My written off Peugeot 406 is all good again. Took a while because of the weather but is back on the road -running well. TFFT

Tony.
From Canada.
1
When one door closes and another door opens you are probably in prison.
2
To me, “drink responsibly” means don’t spill it.
3
When I say, “The other day,” I could be referring to any time between yesterday and 15 years ago.
4
Interviewer: “So, tell me about yourself.”
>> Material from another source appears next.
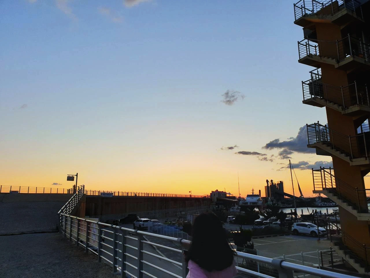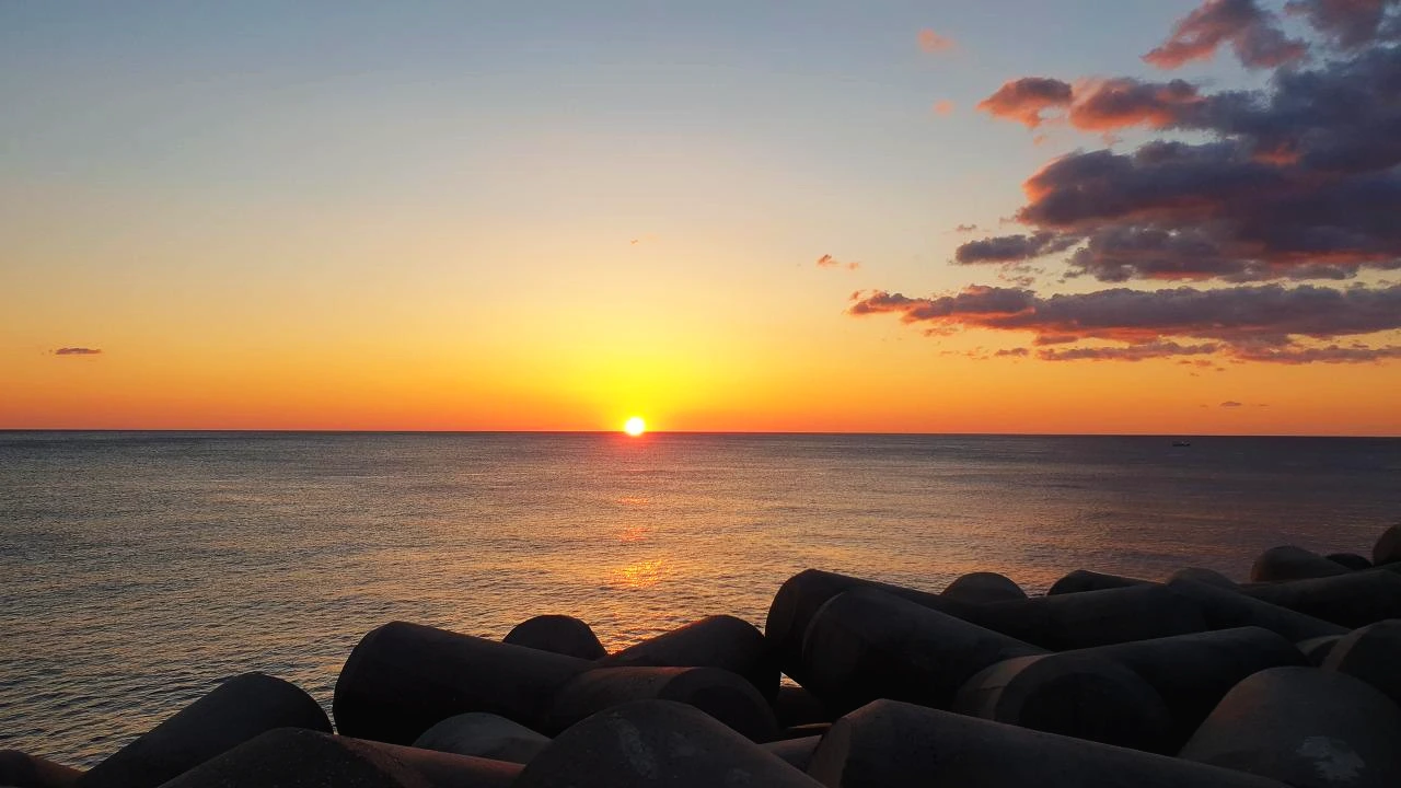 자다가 아침에 눈을 떴는데 해가 뜨려 하고 있었다. 별생각 없이 누워서 보고 있다가 아무래도 날씨가 좋아 잘 보이는 곳에 나가서 보는 편이 좋을 것 같아서, 뒤늦게 서둘러서 유나 님과 숙소 앞의 등대 쪽으로 달려 나갔다. 겨우 해가 뜨기 바로 전에 도착할 수 있었다. 수평선으로 뚜렷하게 떠오르는 해님을 반갑게 맞이하였다.

Me: “I’d rather not. I kinda want this job.”
5
Cop: “Please step out of the car.”
Me: “I’m too drunk. You get in.”
6
I remember being able to get up without making sound effects.
7
I had my patience tested. I’m negative.
8
Remember, if you lose a sock in the dryer, it comes back as a Tupperware lid that doesn’t fit any of your containers.
9
If you’re sitting in public and a stranger takes the seat next to you, just stare straight ahead and say, “Did you bring the money?”
10
When you ask me what I am doing today, and I say “nothing,” it does not mean I am free. It means I am doing nothing.
11
Age 60 might be the new 40, but 9:00 is the new midnight.
12
I finally got eight hours of sleep. It took me three days, but whatever.
13
I run like the winded.
14
I hate when a couple argues in public, and I missed the beginning and don’t know whose side I’m on.
15
When someone asks what I did over the weekend, I squint and ask, “Why, what did you hear?”
16
I don’t remember much from last night, but the fact that I needed sunglasses to open the fridge this morning tells me it was awesome.
17
When you do squats, are your knees supposed to sound like a goat chewing on an aluminum can stuffed with celery?
18
I don’t mean to interrupt people. I just randomly remember things and get really excited.
19
When I ask for directions, please don’t use words like “east.”
20
It’s the start of a brand-new day, and I’m off like a herd of turtles.
21
Don’t bother walking a mile in my shoes. That would be boring. Spend 30 seconds in my head. That’ll freak you right out.
22
That moment when you walk into a spider web suddenly turns you into a karate master.
23
Sometimes, someone unexpected comes into your life outta nowhere, makes your heart race, and changes you forever. We call those people cops.
24
The older I get, the earlier it gets late.
25
My luck is like a bald guy who just won a comb.